__TASK__
Please write out only the lines from the line with "Одной из важных" to the line with "MISHIP ガーデンシンク キッチン用流し台", inclusive, exactly as they stand below, without the pictures.

__GIVEN ENTRIES__
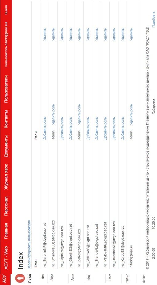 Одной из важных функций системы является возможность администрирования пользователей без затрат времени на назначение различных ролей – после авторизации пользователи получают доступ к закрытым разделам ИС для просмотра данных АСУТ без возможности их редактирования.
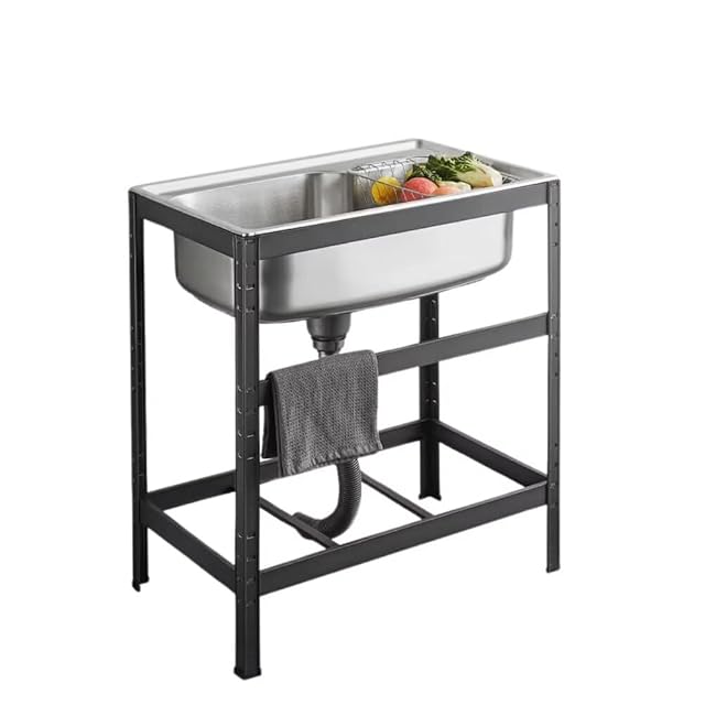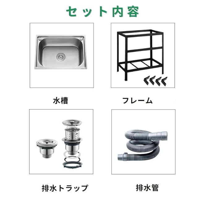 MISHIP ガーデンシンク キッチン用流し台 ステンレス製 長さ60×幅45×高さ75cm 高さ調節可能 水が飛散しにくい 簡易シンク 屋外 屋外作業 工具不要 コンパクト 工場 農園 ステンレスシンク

==

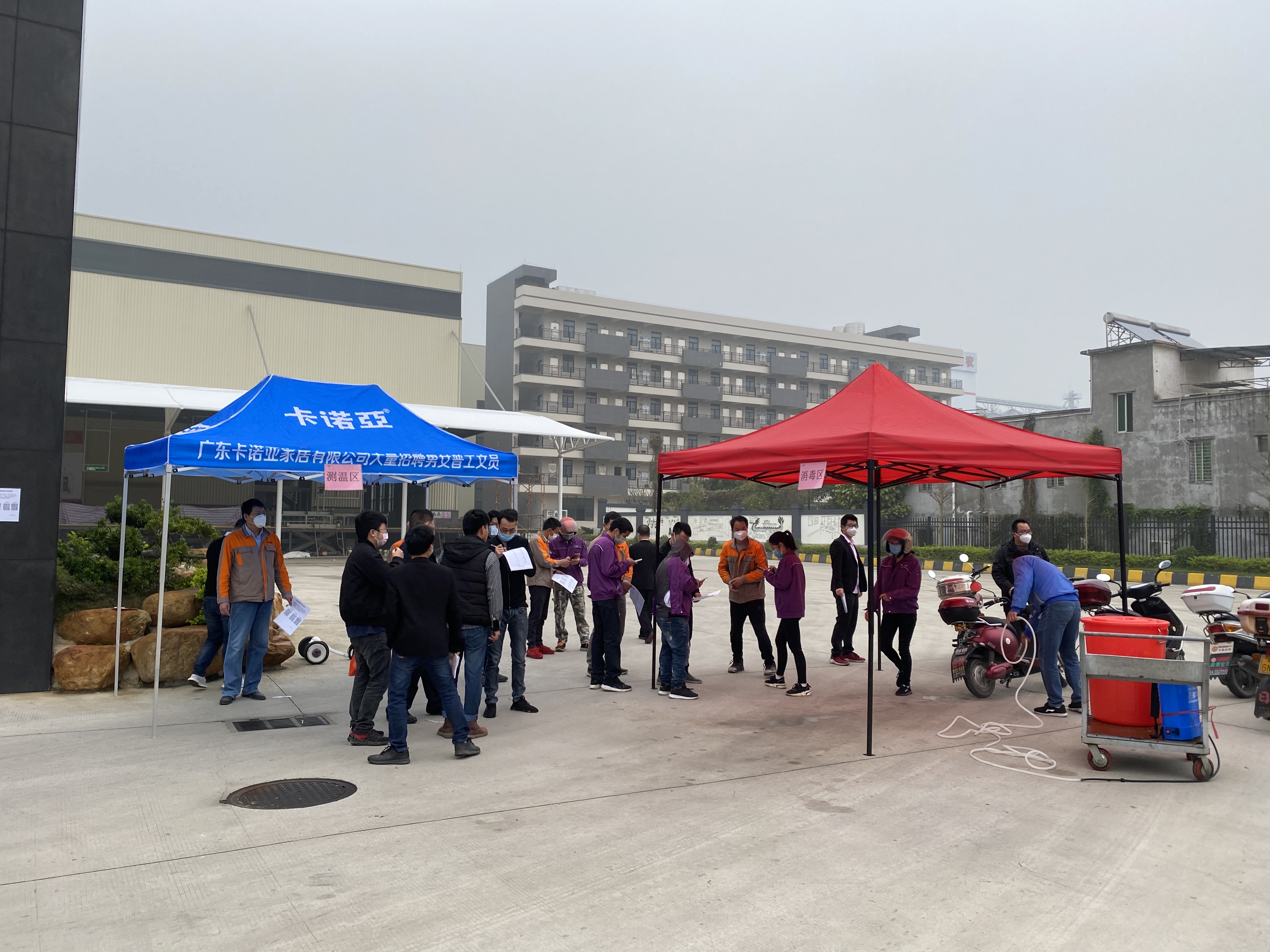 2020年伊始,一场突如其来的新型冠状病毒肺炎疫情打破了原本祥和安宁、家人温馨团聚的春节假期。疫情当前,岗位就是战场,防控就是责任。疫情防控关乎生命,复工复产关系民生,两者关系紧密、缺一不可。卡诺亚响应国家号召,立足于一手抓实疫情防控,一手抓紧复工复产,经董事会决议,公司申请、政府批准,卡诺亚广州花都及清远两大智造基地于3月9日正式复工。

__RESULT FOR THIS TASK__
 Одной из важных функций системы является возможность администрирования пользователей без затрат времени на назначение различных ролей – после авторизации пользователи получают доступ к закрытым разделам ИС для просмотра данных АСУТ без возможности их редактирования.
 MISHIP ガーデンシンク キッチン用流し台 ステンレス製 長さ60×幅45×高さ75cm 高さ調節可能 水が飛散しにくい 簡易シンク 屋外 屋外作業 工具不要 コンパクト 工場 農園 ステンレスシンク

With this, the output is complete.